**YOUR GOAL**:
Every line of the entries below that carries the string "control" should be copied.

**MATERIAL FOR THIS TASK**:
= Beginning of Section =

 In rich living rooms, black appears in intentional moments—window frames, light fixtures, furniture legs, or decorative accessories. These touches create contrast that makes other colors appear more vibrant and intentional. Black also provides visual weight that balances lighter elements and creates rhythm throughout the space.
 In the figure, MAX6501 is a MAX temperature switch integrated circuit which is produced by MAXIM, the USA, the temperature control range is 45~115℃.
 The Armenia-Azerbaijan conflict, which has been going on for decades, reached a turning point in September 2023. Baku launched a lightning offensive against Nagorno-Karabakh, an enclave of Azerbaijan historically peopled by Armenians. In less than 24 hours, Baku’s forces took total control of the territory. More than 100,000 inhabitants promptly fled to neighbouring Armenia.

= End of Section =
= Beginning of Section =

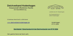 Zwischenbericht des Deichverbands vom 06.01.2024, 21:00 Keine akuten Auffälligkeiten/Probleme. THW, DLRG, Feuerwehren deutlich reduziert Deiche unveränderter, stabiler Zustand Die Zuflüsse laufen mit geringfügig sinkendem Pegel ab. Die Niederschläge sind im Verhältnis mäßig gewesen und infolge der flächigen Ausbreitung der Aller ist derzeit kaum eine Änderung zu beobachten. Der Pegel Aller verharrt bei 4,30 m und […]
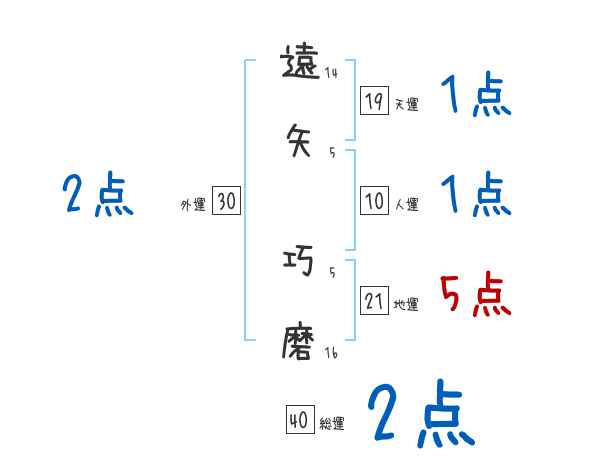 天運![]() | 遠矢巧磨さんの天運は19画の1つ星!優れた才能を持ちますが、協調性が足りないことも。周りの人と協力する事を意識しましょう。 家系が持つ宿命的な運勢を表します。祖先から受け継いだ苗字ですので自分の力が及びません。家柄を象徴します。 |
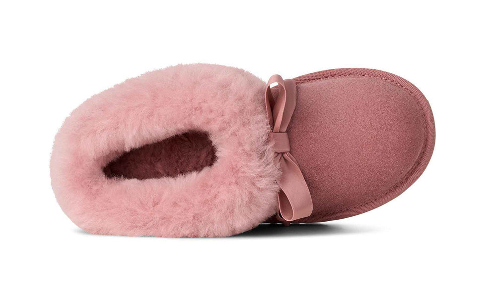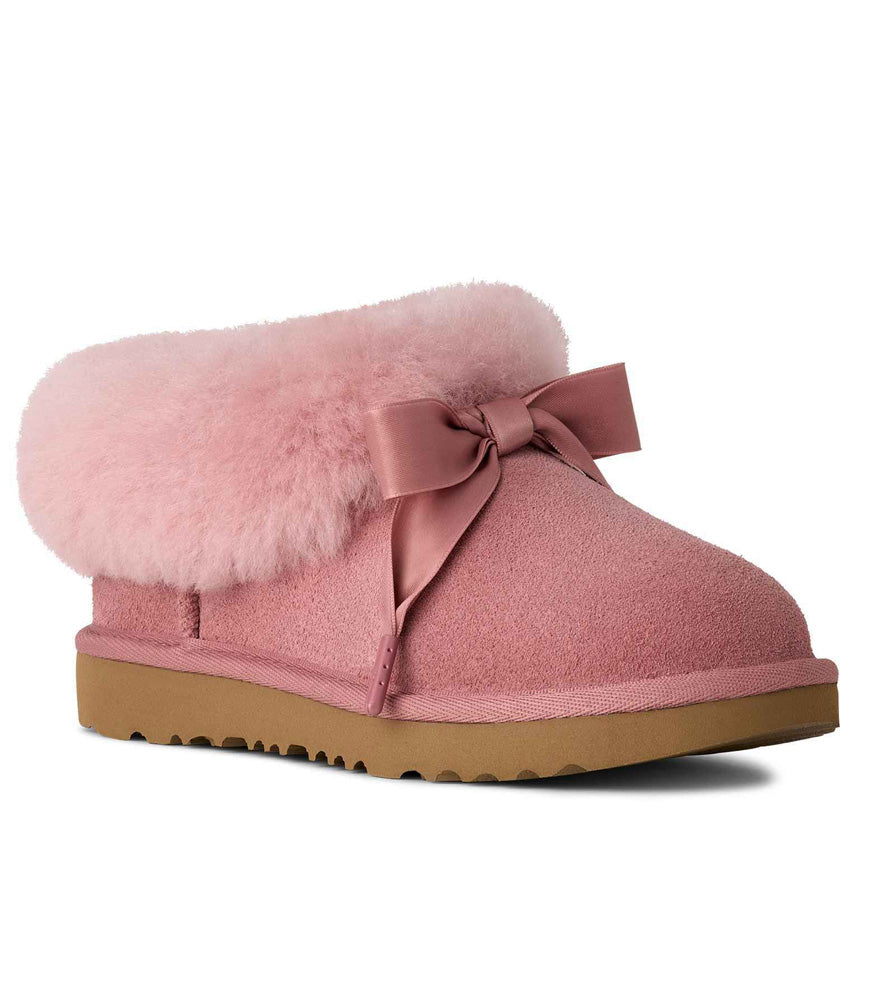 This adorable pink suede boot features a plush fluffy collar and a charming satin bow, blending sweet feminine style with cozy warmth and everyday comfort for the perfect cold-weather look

= End of Section =

**SOLVED EXERCISE**:
 In the figure, MAX6501 is a MAX temperature switch integrated circuit which is produced by MAXIM, the USA, the temperature control range is 45~115℃.
 The Armenia-Azerbaijan conflict, which has been going on for decades, reached a turning point in September 2023. Baku launched a lightning offensive against Nagorno-Karabakh, an enclave of Azerbaijan historically peopled by Armenians. In less than 24 hours, Baku’s forces took total control of the territory. More than 100,000 inhabitants promptly fled to neighbouring Armenia.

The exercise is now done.